El comportamiento de Gustavo Petro refleja una preocupante tendencia hacia el personalismo extremo y la sobreexposición pública, elementos que trascienden el ámbito de la comunicación política y se proyectan como síntomas de un ejercicio de poder basado en el ego y la confrontación. Esta dinámica no solo plantea interrogantes en materia de salud mental y estabilidad emocional del jefe de Estado, sino que, además, tiene consecuencias tangibles en la política exterior, la economía nacional y la posición de Colombia en el sistema internacional.

La conducción del país parece estar determinada por los impulsos individuales de Petro, antes que por criterios técnicos o institucionales. En lugar de reconocer los límites propios del ejercicio presidencial y la necesidad de la deliberación democrática, el mandatario insiste en discursos que desconocen la realidad y se apoyan en narrativas subjetivas o teorías sin sustento lógico. Este comportamiento, reiterado en múltiples escenarios públicos, evidencia una preocupante desconexión entre el discurso presidencial y las verdaderas necesidades de la Nación.

En reiteradas ocasiones he manifestado mi preocupación por la clara incapacidad del presidente para ejercer el cargo con la responsabilidad que este amerita. No son hechos aislados el deterioro de su discurso ni la habitual toma de decisiones erradas; se trata de consecuencias de un “liderazgo” desbordado, improvisado y desmesurado. Preocupa, además, el presunto consumo de sustancias psicotrópicas y la excesiva ingesta de alcohol, lo que agrava el panorama de gobernabilidad y ratifica su falta de idoneidad en la dirección de la rama Ejecutiva.

El reciente episodio diplomático derivado de la detención de la flotilla Global Sumud, compuesta por más de quinientos activistas de cuarenta y cuatro países —entre ellos, dos ciudadanas colombianas—, es ilustrativo de este patrón. Ante la noticia de la detención, el presidente Petro reaccionó de manera intempestiva, denunciando un supuesto “secuestro”, ordenando la expulsión de la delegación diplomática israelí y anunciando la ruptura del Tratado de Libre Comercio con Israel, todo ello sin el debido soporte probatorio ni un análisis previo de las consecuencias jurídicas y económicas de tal decisión.

Posteriormente, el mandatario calificó al primer ministro israelí, Benjamin Netanyahu, como responsable de un “nuevo crimen internacional”, sin mediar un pronunciamiento de autoridad judicial competente ni la aplicación del principio de presunción de inocencia consagrado en el derecho internacional. Este tipo de declaraciones, carentes de sustento jurídico, comprometen la política exterior del país, vulneran los principios de soberanía y buena fe en las relaciones internacionales y desconocen los canales diplomáticos previstos en los tratados internacionales.

La improvisación y el narcisismo con que se manejan los asuntos internacionales evidencian una preocupante tendencia a instrumentalizar la política exterior con fines ideológicos o de protagonismo mediático.
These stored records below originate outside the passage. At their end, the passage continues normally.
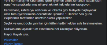 Açıklamanın ardından esnaf işyerini bugüne hazırlarken, Hendek Belediye Başkanı Turgut Babaoğlu’da dün akşam sosyal medya hesabından bir paylaşım yaptı. Başkan Babaoğlu, “Yeni normalleşme kararlarına göre; işyerleri uzun zamandır kapalı olan esnaf ve sanatkarlarımız nihayet ekmek teknelerine kavuşuyor. Kahvehane, kafeterya, restoran ve lokanta gibi faaliyete başlayacak olan tüm işyerlerimizin dezenfekte işlemleri 1 Haziran Salı günü ekiplerimiz tarafından ücretsiz olarak yapılacaktır. Sağlık ve umut dolu yarınlar için lütfen tedbiri elden asla bırakmayalım. Dükkanlarını açacak tüm esnafımıza bol kazançlar diliyorum. Haydi Hayırlı işler” diye yazdı.
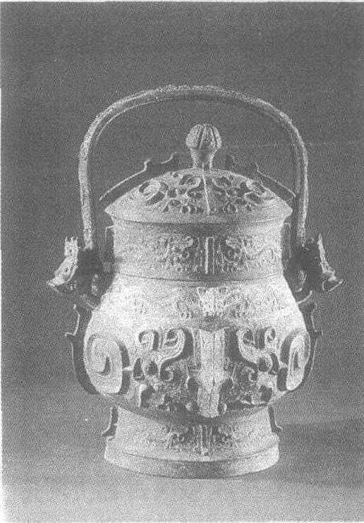 | 释义 | “”铜卣西周。通高36厘米,口径14.8——11.6厘米,腹深20厘米。重6.5公斤。1971年陕西省泾阳高家堡出土。陕西省博物馆藏。卣,古代酒器,用以盛酒。此卣体呈椭圆形,鼓腹。盖有瓜棱形钮,提梁两端作龙首形,盖顶及腹部为张口卷唇的巨首身尾卷曲夔龙。盖沿和圈足亦饰夔龙器口下饰双身共首夔纹。自盖至足,有四道扉棱。盖内铸有铭文“作父戊彝戈”四行七字,记载为父戊铸造祭器。器内底有“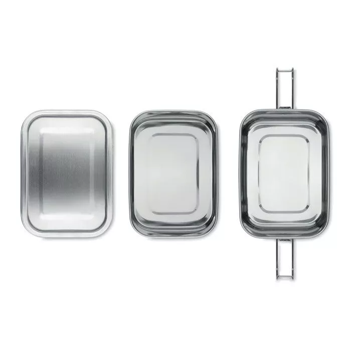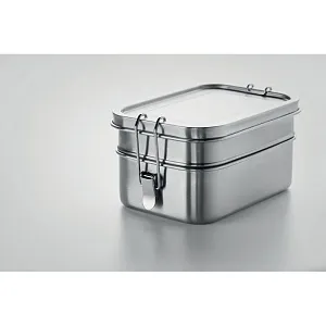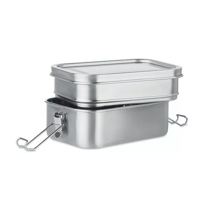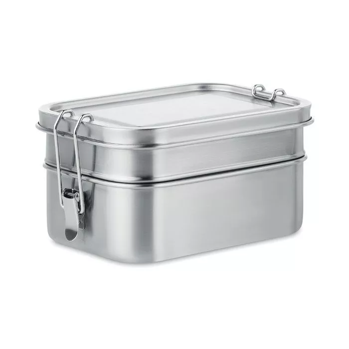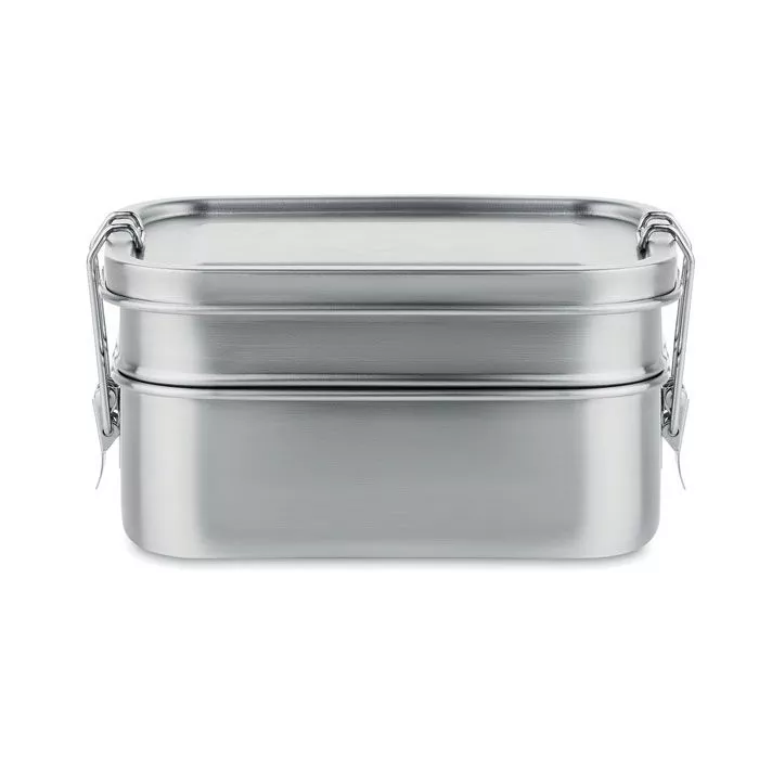 Ланчбокс из нержавеющей стали с 2 отделениями. Крышка плотно застегивается боковыми зажимами. Емкость 1200 мл.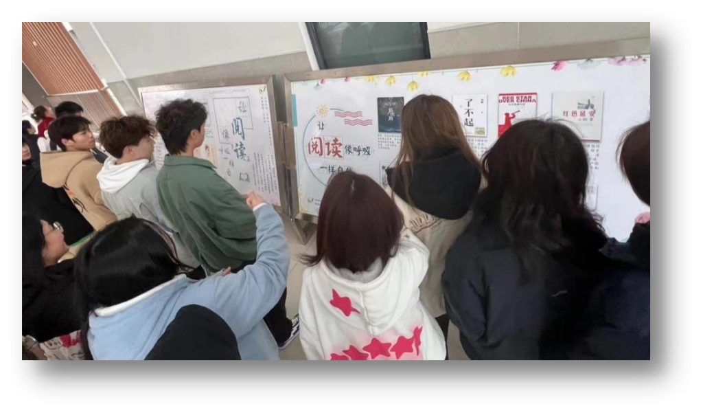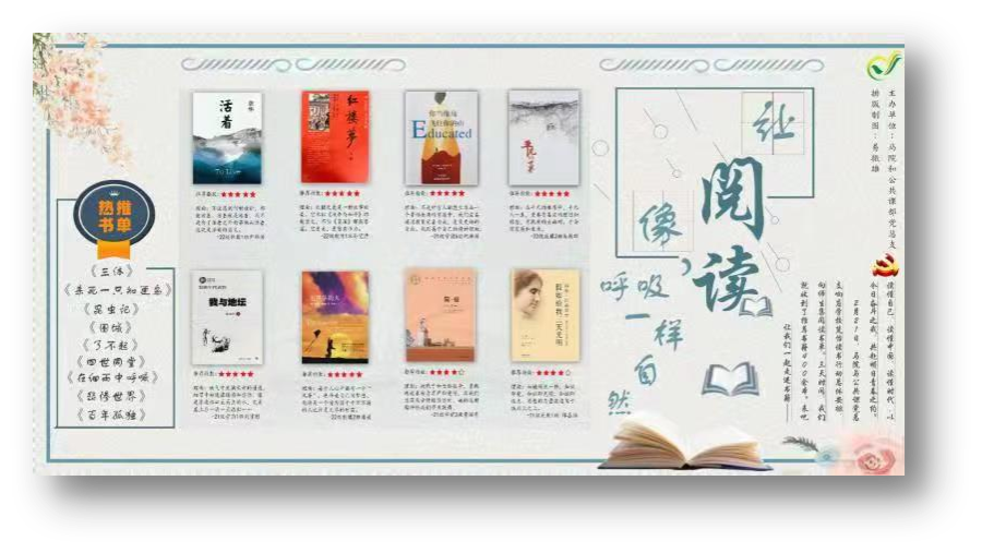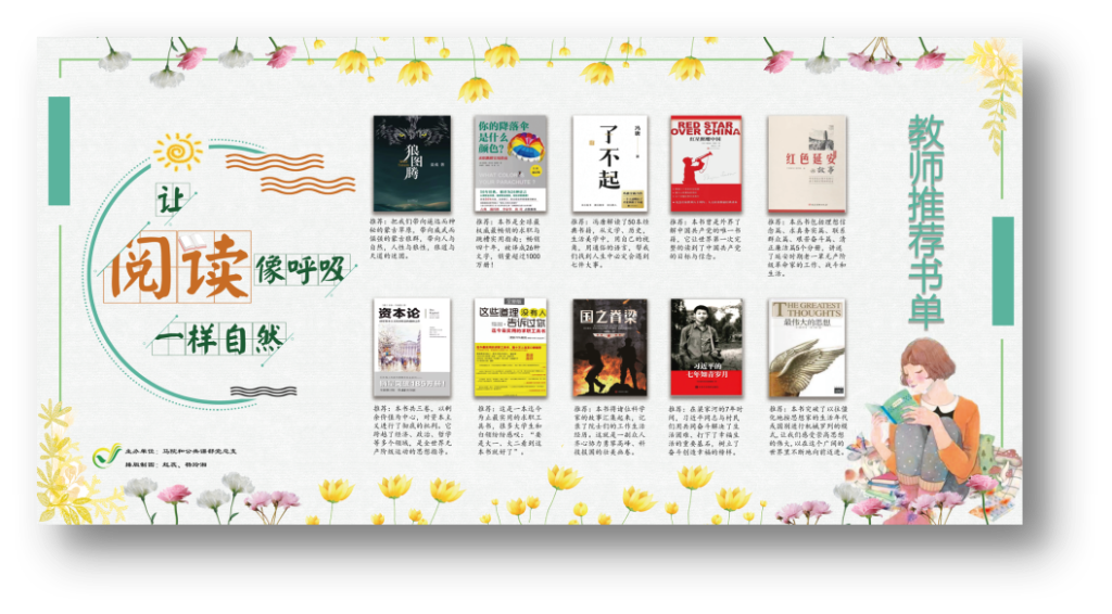马院与公共课部党总支精选师生推荐的作品,精心设计排版,进行展出,经典的书籍、走心的推荐词,吸引了不少学生在展板前驻足观看。希望通过这次活动,营造阅读氛围,师生能走近书籍,走进阅读的世界,让阅读像呼吸一样自然。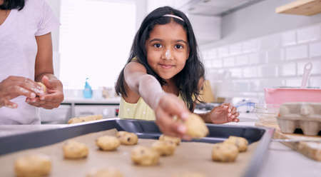 Chocolate chip cookies are my favourite. Shot of an adorable little girl placing cookie dough on a baking tray.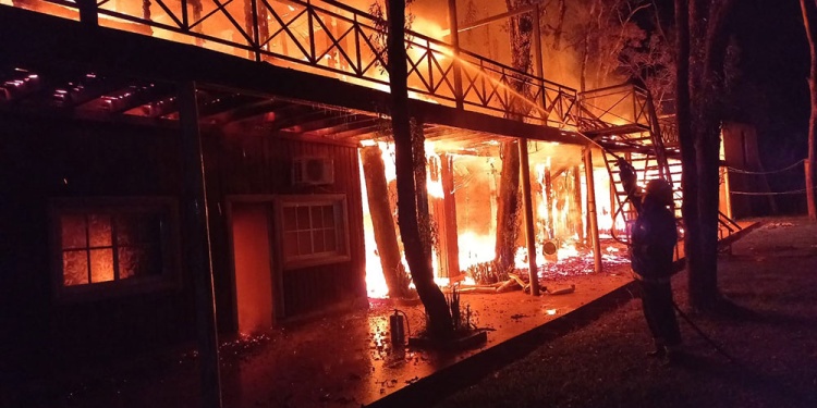 En pocos minutos el fuego consumió durante la madrugada de ayer el complejo turístico de Mojón Grande conocido como Palmar del Río y se investiga el hecho como intencional. El emprendimiento de diez cabañas en la costa del Uruguay es propiedad de Santiago Marino, condenado (juicio abreviado) hace pocos días a cinco años de prisión como cabecilla de una red de contrabando de oleaginosa a Brasil.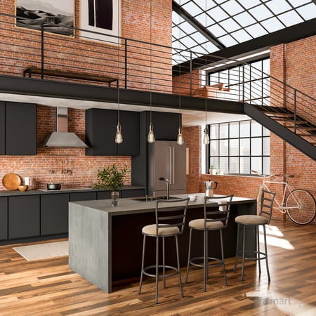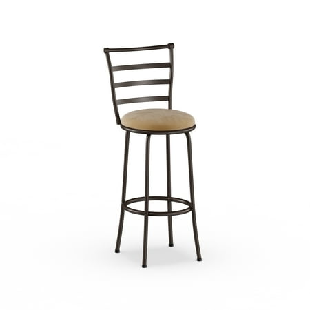 The Mainstays Adjustable-Height Swivel Barstool, Hammered Bronze Finish, Set of 3, Multiple Colors has a sturdy metal frame, a ladder back design, and a convenient circular footrest to enhance your comfort. It also features a 360-degree swivel enabling you and guests to turn in any direction effortlessly. You can choose from vinyl espresso or tan microfiber seat cushions. The Mainstays Adjustable-Height Swivel Barstool comes with interchangeable legs that allow for 24 and 29-inch seat heights depending on your needs. This transitional style with the simple ladder-back design fits seamlessly into nearly any decor. It is ideal for use at a breakfast bar, kitchen island, home bar, or counter-height table. This padded barstool comes with tools and all necessary hardware for a quick and easy assembly.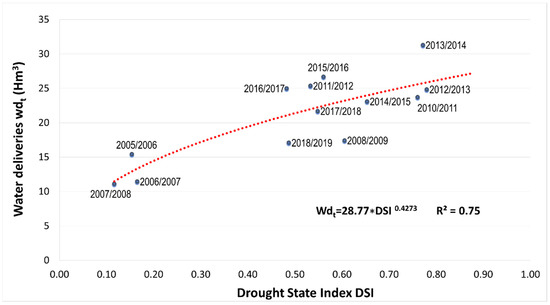 The model used to estimate the irrigation water deliveries in comparison with the DSI measured on 1 April, i.e., before the irrigation season, in the RAE (Equation (12)) is obtained by considering the historical water deliveries to the irrigation districts (). Figure 5 shows the high correlation between these variables obtained in the model.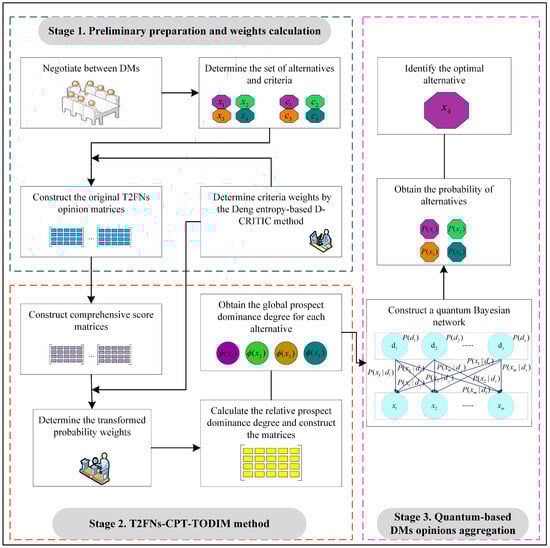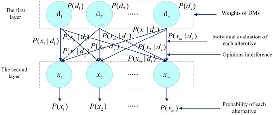 The resolution of MCGDM problems requires combining separate assessments from individuals using a particular method for aggregation. Extensive research has been dedicated to aggregation techniques in MCGDM. However, a common limitation is that most current methods are predicated on the assumption of mutual independence among the involved DMs, meaning that their opinions are not influenced by one another. Contrary to this idealized view, real-world instances frequently demonstrate that social and environmental factors easily influence individuals’ opinions. Conjunctive or disjunctive attitudes might be adopted by individuals regarding the opinions of different DMs in actual decision making. This inherently introduces the fact that the assessments provided by various DMs become susceptible to mutual influence, potentially impacting the final decision. This interplay brings forth the concept of “interference”, a fundamental element within QPT. As a recent theoretical progression [23,24], QPT advances upon classical probability theory. It features robust probability descriptive power coupled with a rigorous axiomatic framework, facilitating its widespread study and application in various fields. Among these are psychology [25,26], cognitive science [27], and decision analysis [28,29]. Significantly, QPT also resolves many long-standing paradoxes unresolved by classical probability theory, including the disjunction fallacy [30], the Ellsberg paradox [31], and the order effect [32]. It is noteworthy that QPT offers a natural mechanism for reflecting interference terms. This inherent capability makes QPT a highly suitable and theoretically grounded means to explore the interference effects that manifest between DMs’ opinions in MCGDM applications. Consequently, leveraging QPT to model these interference effects within the decision-making process is considered an objective and rational approach.
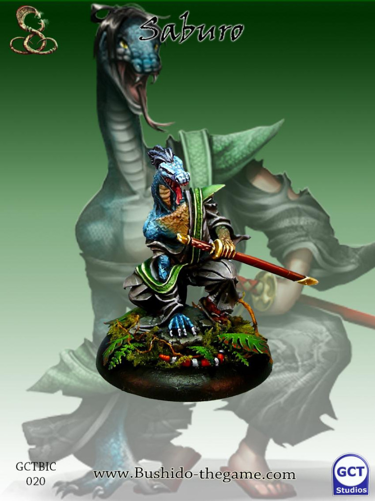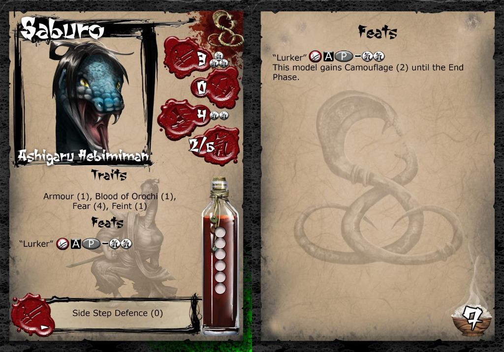 Orochi’s gift presents differently in all her worthy followers, it might be a reflection of an individual’s persona or of Orochi’s intentions for them, subtly crafting the recipient into a tool in the service of their god. If Saburo were a tool it would be a scalpel, fashioned of Minimoto steel. This cool and calm servant of the Ito was once a temple bushi, and as all who demonstrate their devotion was chosen to receive the gift. The physical training that is integral to the training of the Orochi temple bushi was only further enhanced after his transformation into a hebimiman. Now the frightening warrior of the Ito emerges from the shadows to dispatch the enemies of the Ito, disappearing just as fast leaving his foes shocked and with no target for retaliation.

Mientras el Ejecutivo centra su atención en conflictos ajenos —como el de Gaza e Israel—, el país enfrenta una grave situación de orden público interno: ataques armados contra la población civil, asesinato de guardianes del Inpec, incremento del narcotráfico y hostigamientos constantes a las Fuerzas Militares en regiones como el Catatumbo, sin mencionar las recientes manifestaciones y actos de vandalismo auspiciados desde el Gobierno Nacional.

La propuesta de enviar tropas a Gaza, sin un mandato previo del Consejo de Seguridad de las Naciones Unidas (ONU), constituye un acto de temeridad institucional y una vulneración del principio de legalidad en materia de intervención internacional. Pretender posicionar a Colombia como una potencia moral autoproclamada, al margen del derecho internacional, solo profundiza el aislamiento diplomático y la desconfianza de los aliados estratégicos.

El ejercicio del poder por parte de Petro ha derivado en una erosión progresiva de la institucionalidad democrática, el debilitamiento de la confianza internacional y la exposición constante del país a riesgos políticos, económicos y diplomáticos innecesarios. La política exterior no puede ni debe estar subordinada al narcisismo presidencial ni a impulsos emocionales, y mucho menos, en este caso, a maldecir a Israel, ignorando las consecuencias. Fatídicamente, la jefatura del Estado quedó reducida a un discurso reactivo que fractura las relaciones internacionales. Colombia necesita retomar el rumbo, volver a una diplomacia guiada por la prudencia, el respeto al derecho internacional y la defensa de los intereses nacionales. Solo así podrá reconstruir la confianza que hoy se deteriora con cada reacción improvisada.